> **Data block**:
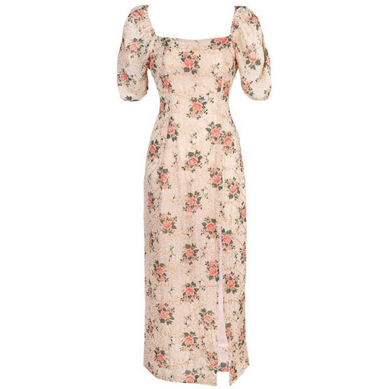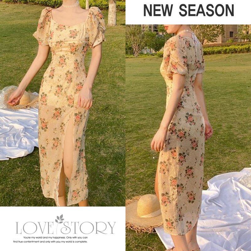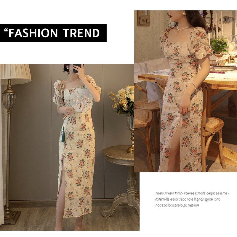 INWPLLR New Arrival Floral Print Women's Dress Fashion Elegant Square Collar Long Dress Summer Style Puff Sleeve Split Dresses Female
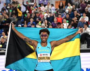 (250323) -- NANJING, 23 marzo, 2025 (Xinhua) -- Devynne Charlton, de Bahamas, reacciona después de la final de 60m vallas...
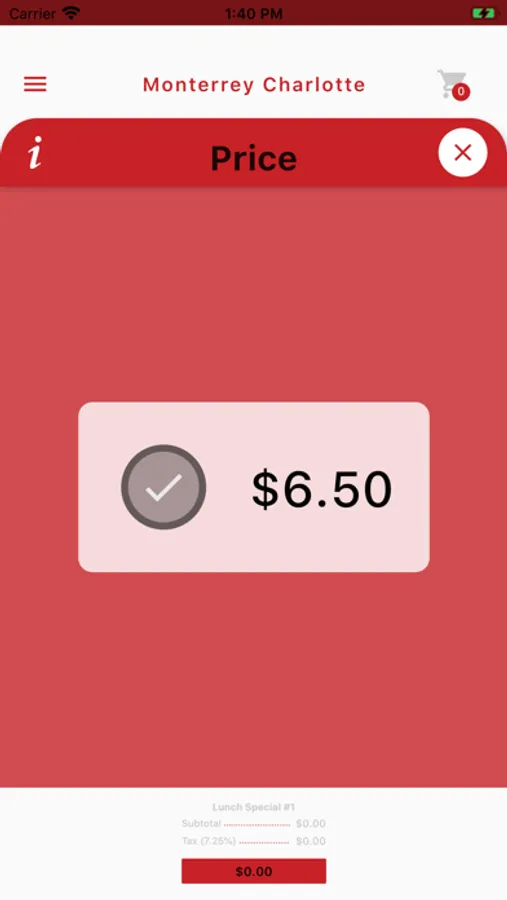Monterrey Charlotte an app to view the full menu and add your choices to the cart
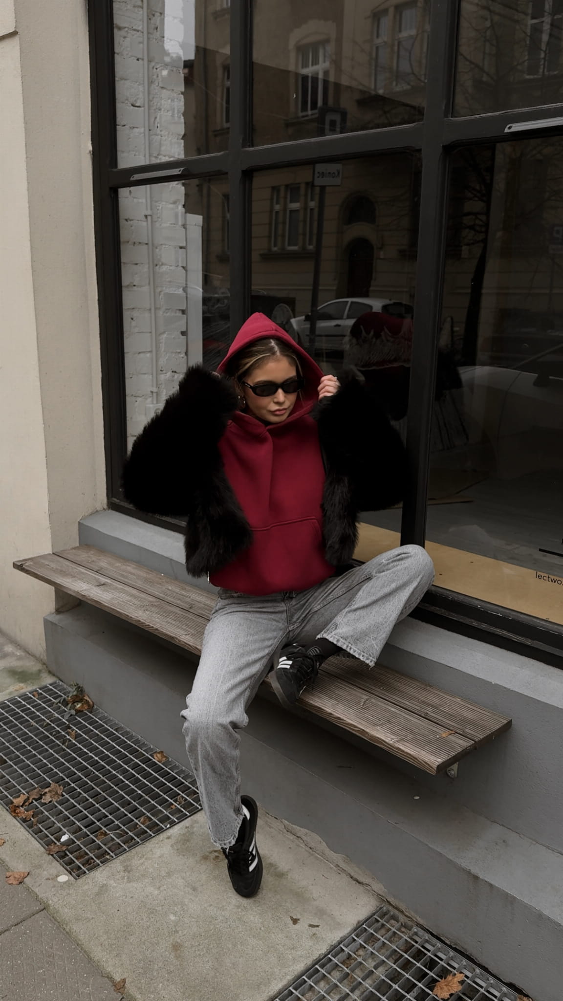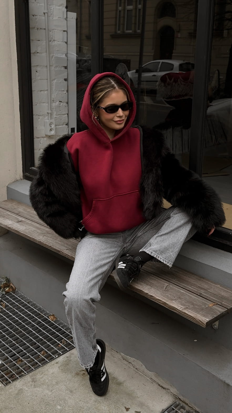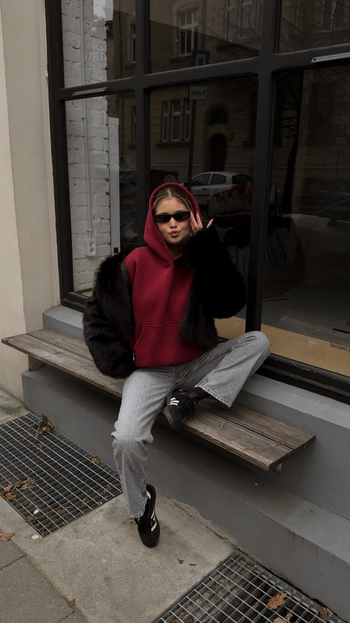 - Ocieplana oversize w kolorze głębokiego burgundu. Miękka, gruba i mega ciepła – idealna na chłodne dni. Luźny krój zapewnia wygodę i streetwearowy look. Must-have tego sezonu.

> **Task details**: What is needed is a verbatim copy of the material, minus its pictures.

> **Problem solution**:
 INWPLLR New Arrival Floral Print Women's Dress Fashion Elegant Square Collar Long Dress Summer Style Puff Sleeve Split Dresses Female
 (250323) -- NANJING, 23 marzo, 2025 (Xinhua) -- Devynne Charlton, de Bahamas, reacciona después de la final de 60m vallas...
Monterrey Charlotte an app to view the full menu and add your choices to the cart
 - Ocieplana oversize w kolorze głębokiego burgundu. Miękka, gruba i mega ciepła – idealna na chłodne dni. Luźny krój zapewnia wygodę i streetwearowy look. Must-have tego sezonu.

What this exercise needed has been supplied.